*** Opening of Extracted data ***

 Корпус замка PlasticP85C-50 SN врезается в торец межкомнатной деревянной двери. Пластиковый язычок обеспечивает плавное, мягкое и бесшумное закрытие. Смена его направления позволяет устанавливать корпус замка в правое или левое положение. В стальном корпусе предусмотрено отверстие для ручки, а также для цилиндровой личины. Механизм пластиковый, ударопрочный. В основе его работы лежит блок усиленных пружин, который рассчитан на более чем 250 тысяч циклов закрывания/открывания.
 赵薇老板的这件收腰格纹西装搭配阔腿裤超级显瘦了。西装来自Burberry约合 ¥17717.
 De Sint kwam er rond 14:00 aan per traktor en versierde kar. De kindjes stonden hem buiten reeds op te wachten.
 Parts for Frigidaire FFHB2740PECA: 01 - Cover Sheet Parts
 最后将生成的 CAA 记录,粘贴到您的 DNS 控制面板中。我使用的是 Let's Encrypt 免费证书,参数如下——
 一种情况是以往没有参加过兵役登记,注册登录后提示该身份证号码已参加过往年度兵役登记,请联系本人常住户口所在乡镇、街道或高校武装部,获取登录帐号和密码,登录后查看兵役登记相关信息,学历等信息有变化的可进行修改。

*** Close of Extracted data ***
*** Opening of Extracted data ***

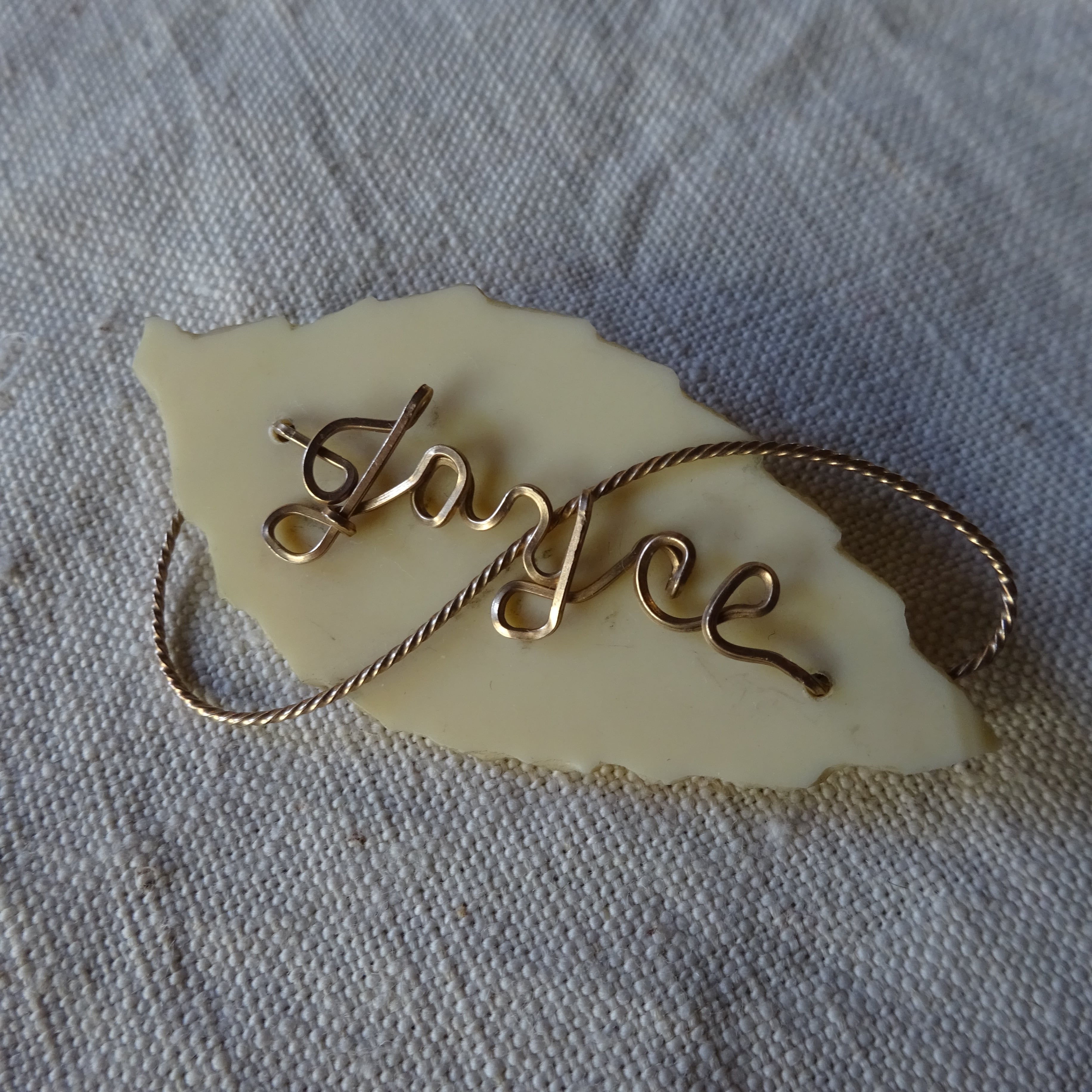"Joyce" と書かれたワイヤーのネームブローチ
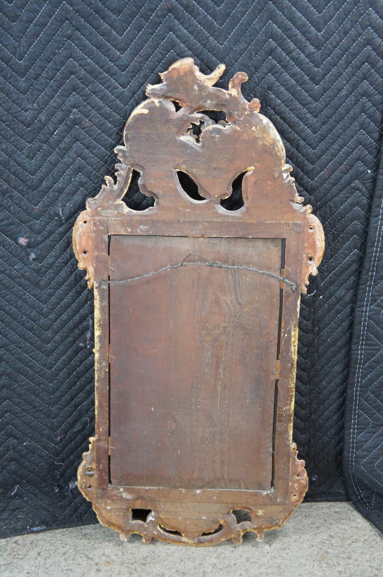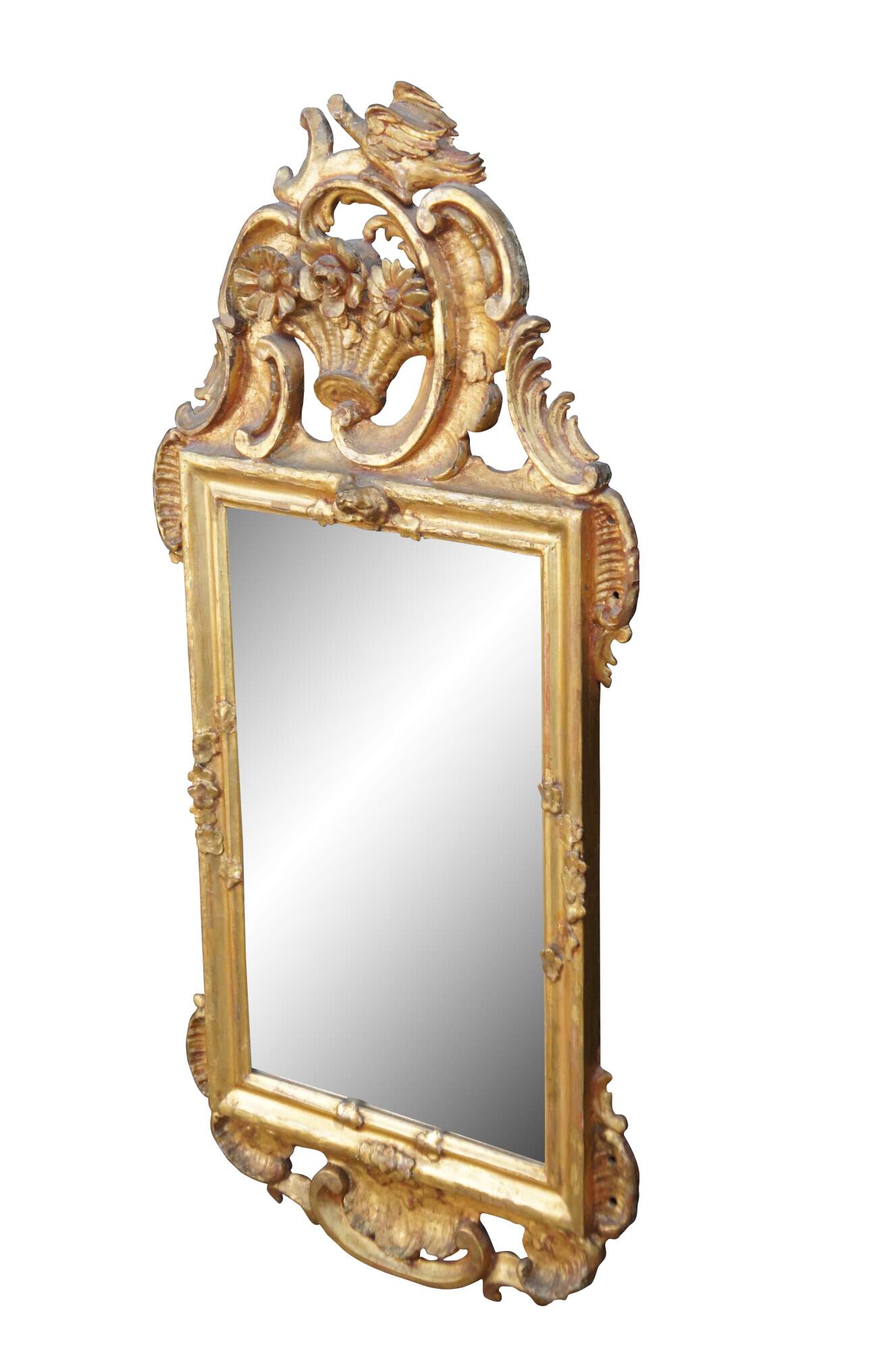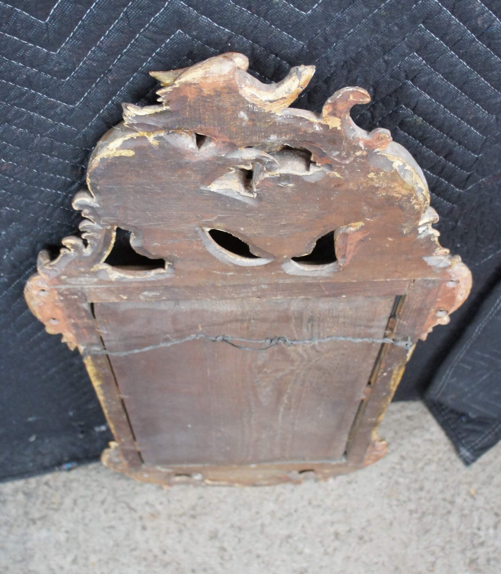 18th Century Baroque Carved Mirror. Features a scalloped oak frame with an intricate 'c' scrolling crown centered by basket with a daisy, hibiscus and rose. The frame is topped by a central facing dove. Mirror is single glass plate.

*** Close of Extracted data ***

# What you have to do
Given the records above, restate word for word only the lines starting at the one with "Корпус замка PlasticP85C-50" and ending at the one with "一种情况是以往没有参加过兵役".

# Expected output
 Корпус замка PlasticP85C-50 SN врезается в торец межкомнатной деревянной двери. Пластиковый язычок обеспечивает плавное, мягкое и бесшумное закрытие. Смена его направления позволяет устанавливать корпус замка в правое или левое положение. В стальном корпусе предусмотрено отверстие для ручки, а также для цилиндровой личины. Механизм пластиковый, ударопрочный. В основе его работы лежит блок усиленных пружин, который рассчитан на более чем 250 тысяч циклов закрывания/открывания.
 赵薇老板的这件收腰格纹西装搭配阔腿裤超级显瘦了。西装来自Burberry约合 ¥17717.
 De Sint kwam er rond 14:00 aan per traktor en versierde kar. De kindjes stonden hem buiten reeds op te wachten.
 Parts for Frigidaire FFHB2740PECA: 01 - Cover Sheet Parts
 最后将生成的 CAA 记录,粘贴到您的 DNS 控制面板中。我使用的是 Let's Encrypt 免费证书,参数如下——
 一种情况是以往没有参加过兵役登记,注册登录后提示该身份证号码已参加过往年度兵役登记,请联系本人常住户口所在乡镇、街道或高校武装部,获取登录帐号和密码,登录后查看兵役登记相关信息,学历等信息有变化的可进行修改。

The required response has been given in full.